**WHAT TO WORK ON:** The stretch from the line with "Exposición: Inicia en" through the line with "Сграфито керамика от Червен" in the records below: write it out exactly, and nothing else.
Start of DATA FOR REVIEW
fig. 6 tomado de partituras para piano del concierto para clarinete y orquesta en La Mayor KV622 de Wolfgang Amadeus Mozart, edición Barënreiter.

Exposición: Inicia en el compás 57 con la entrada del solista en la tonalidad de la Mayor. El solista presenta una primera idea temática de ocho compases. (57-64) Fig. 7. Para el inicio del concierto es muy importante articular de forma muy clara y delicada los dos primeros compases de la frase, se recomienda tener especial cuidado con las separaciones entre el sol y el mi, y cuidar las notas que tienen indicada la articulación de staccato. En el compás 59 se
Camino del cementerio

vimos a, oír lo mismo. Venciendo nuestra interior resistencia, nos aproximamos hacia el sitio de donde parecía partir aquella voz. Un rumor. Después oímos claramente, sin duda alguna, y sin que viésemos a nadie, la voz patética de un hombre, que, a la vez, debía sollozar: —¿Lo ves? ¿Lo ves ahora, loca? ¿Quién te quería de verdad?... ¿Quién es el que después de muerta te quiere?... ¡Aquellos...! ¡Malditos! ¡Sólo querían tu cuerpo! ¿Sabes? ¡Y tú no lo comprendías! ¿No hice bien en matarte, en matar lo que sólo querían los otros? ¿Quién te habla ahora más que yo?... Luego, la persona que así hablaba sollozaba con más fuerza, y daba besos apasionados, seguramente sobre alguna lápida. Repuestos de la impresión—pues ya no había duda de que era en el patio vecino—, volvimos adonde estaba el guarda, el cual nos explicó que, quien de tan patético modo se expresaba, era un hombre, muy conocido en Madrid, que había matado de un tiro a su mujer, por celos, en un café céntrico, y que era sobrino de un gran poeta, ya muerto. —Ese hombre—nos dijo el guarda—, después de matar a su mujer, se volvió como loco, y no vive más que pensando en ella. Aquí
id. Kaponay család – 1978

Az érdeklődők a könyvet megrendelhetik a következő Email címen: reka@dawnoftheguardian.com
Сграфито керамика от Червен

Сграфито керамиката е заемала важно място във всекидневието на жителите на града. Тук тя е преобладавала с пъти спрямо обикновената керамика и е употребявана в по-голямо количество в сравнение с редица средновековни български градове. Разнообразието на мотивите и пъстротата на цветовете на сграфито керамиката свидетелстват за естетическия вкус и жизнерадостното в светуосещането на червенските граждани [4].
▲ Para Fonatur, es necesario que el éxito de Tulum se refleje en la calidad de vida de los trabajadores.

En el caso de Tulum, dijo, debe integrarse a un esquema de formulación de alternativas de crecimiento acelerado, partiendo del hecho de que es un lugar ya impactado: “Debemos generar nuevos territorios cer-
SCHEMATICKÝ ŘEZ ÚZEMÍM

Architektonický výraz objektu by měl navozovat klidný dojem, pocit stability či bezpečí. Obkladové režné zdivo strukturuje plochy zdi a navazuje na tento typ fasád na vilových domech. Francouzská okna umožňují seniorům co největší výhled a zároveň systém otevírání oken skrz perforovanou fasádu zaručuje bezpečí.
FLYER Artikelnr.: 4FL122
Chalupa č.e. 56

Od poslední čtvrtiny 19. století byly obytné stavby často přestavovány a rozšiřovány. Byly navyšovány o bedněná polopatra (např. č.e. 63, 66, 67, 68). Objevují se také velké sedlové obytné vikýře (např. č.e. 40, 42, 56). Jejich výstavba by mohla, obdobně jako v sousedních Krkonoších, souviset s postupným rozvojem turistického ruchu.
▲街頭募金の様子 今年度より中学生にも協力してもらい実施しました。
End of DATA FOR REVIEW
Start of DATA FOR REVIEW
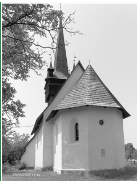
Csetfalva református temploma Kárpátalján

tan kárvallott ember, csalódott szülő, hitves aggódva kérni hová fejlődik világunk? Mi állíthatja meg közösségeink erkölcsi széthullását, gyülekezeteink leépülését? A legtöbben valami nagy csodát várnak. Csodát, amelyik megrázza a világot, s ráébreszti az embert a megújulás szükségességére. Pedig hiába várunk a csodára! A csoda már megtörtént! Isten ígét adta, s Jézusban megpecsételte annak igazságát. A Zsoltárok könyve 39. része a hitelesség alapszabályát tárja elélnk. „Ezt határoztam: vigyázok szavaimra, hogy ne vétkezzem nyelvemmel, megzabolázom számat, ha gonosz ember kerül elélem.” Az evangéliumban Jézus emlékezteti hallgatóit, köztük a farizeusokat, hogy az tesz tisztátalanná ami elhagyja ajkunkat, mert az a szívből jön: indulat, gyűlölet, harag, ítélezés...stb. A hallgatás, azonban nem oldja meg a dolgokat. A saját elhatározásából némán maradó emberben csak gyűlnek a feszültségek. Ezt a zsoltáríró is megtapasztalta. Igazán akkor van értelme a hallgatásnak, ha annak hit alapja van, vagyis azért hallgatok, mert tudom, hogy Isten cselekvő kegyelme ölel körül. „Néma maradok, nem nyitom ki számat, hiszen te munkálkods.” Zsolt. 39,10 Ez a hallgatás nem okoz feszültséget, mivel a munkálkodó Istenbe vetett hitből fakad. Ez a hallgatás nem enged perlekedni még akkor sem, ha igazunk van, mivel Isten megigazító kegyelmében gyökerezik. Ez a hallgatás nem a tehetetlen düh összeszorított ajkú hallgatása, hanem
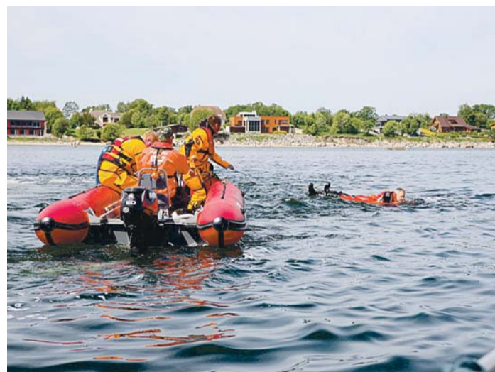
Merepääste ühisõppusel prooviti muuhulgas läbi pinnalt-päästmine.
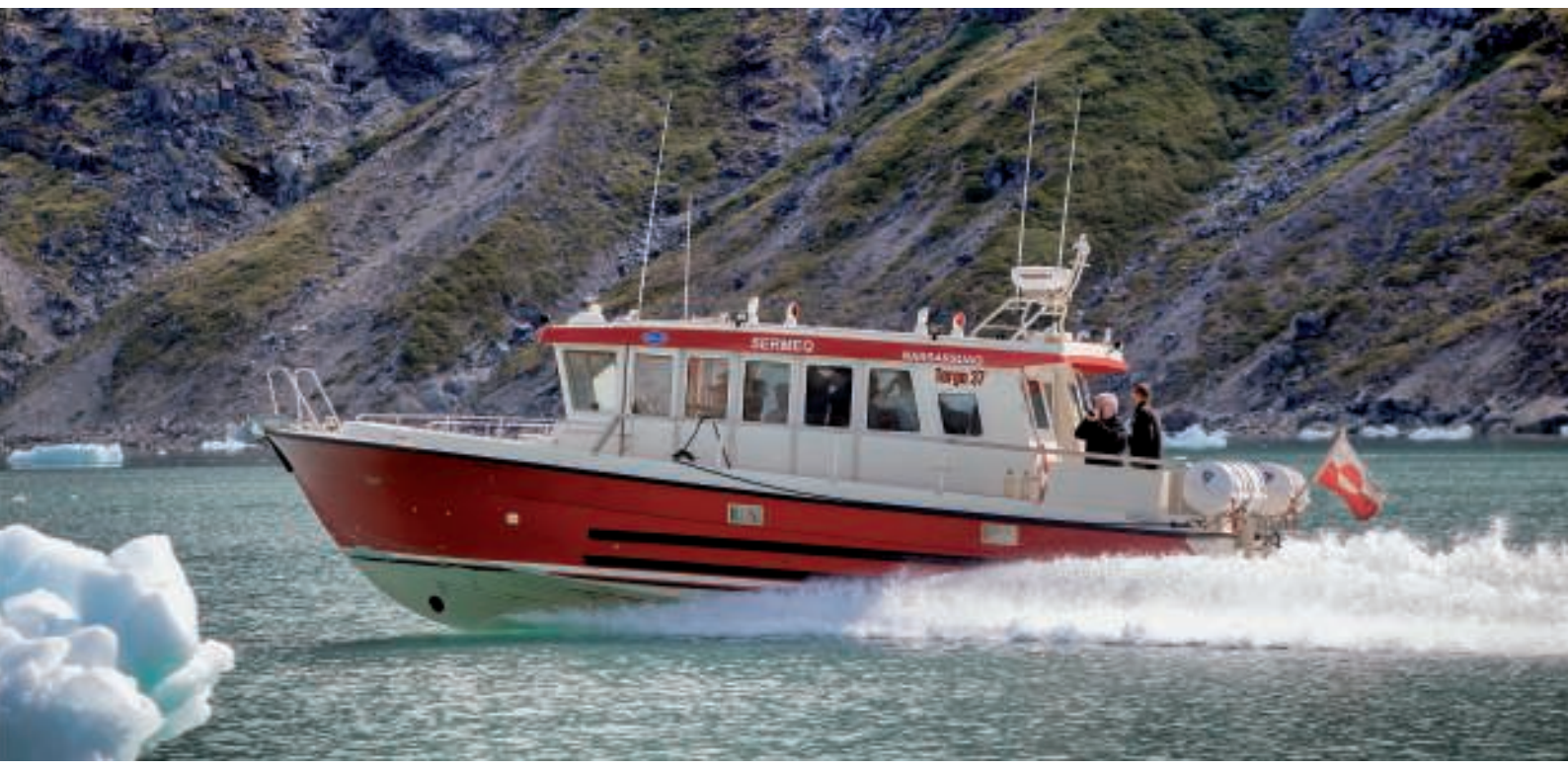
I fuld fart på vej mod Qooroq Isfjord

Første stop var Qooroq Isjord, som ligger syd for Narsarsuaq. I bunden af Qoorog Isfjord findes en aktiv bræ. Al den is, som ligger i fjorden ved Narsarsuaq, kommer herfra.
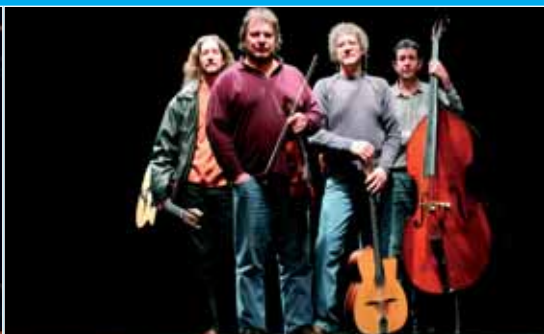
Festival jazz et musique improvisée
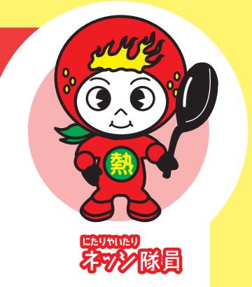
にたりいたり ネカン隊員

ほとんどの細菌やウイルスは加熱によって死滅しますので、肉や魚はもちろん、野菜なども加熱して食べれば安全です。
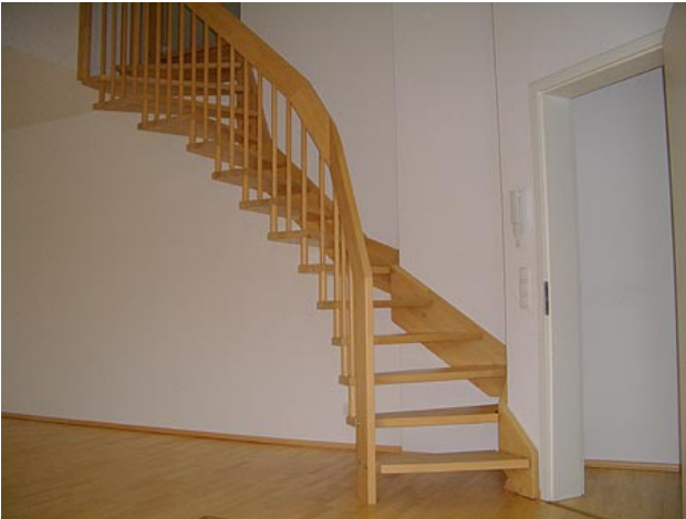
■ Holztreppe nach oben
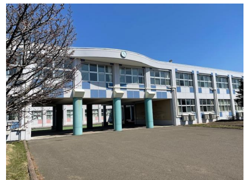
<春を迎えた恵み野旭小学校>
End of DATA FOR REVIEW
**RESPONSE TO THIS TASK:**
Exposición: Inicia en el compás 57 con la entrada del solista en la tonalidad de la Mayor. El solista presenta una primera idea temática de ocho compases. (57-64) Fig. 7. Para el inicio del concierto es muy importante articular de forma muy clara y delicada los dos primeros compases de la frase, se recomienda tener especial cuidado con las separaciones entre el sol y el mi, y cuidar las notas que tienen indicada la articulación de staccato. En el compás 59 se
Camino del cementerio

vimos a, oír lo mismo. Venciendo nuestra interior resistencia, nos aproximamos hacia el sitio de donde parecía partir aquella voz. Un rumor. Después oímos claramente, sin duda alguna, y sin que viésemos a nadie, la voz patética de un hombre, que, a la vez, debía sollozar: —¿Lo ves? ¿Lo ves ahora, loca? ¿Quién te quería de verdad?... ¿Quién es el que después de muerta te quiere?... ¡Aquellos...! ¡Malditos! ¡Sólo querían tu cuerpo! ¿Sabes? ¡Y tú no lo comprendías! ¿No hice bien en matarte, en matar lo que sólo querían los otros? ¿Quién te habla ahora más que yo?... Luego, la persona que así hablaba sollozaba con más fuerza, y daba besos apasionados, seguramente sobre alguna lápida. Repuestos de la impresión—pues ya no había duda de que era en el patio vecino—, volvimos adonde estaba el guarda, el cual nos explicó que, quien de tan patético modo se expresaba, era un hombre, muy conocido en Madrid, que había matado de un tiro a su mujer, por celos, en un café céntrico, y que era sobrino de un gran poeta, ya muerto. —Ese hombre—nos dijo el guarda—, después de matar a su mujer, se volvió como loco, y no vive más que pensando en ella. Aquí
id. Kaponay család – 1978

Az érdeklődők a könyvet megrendelhetik a következő Email címen: reka@dawnoftheguardian.com
Сграфито керамика от Червен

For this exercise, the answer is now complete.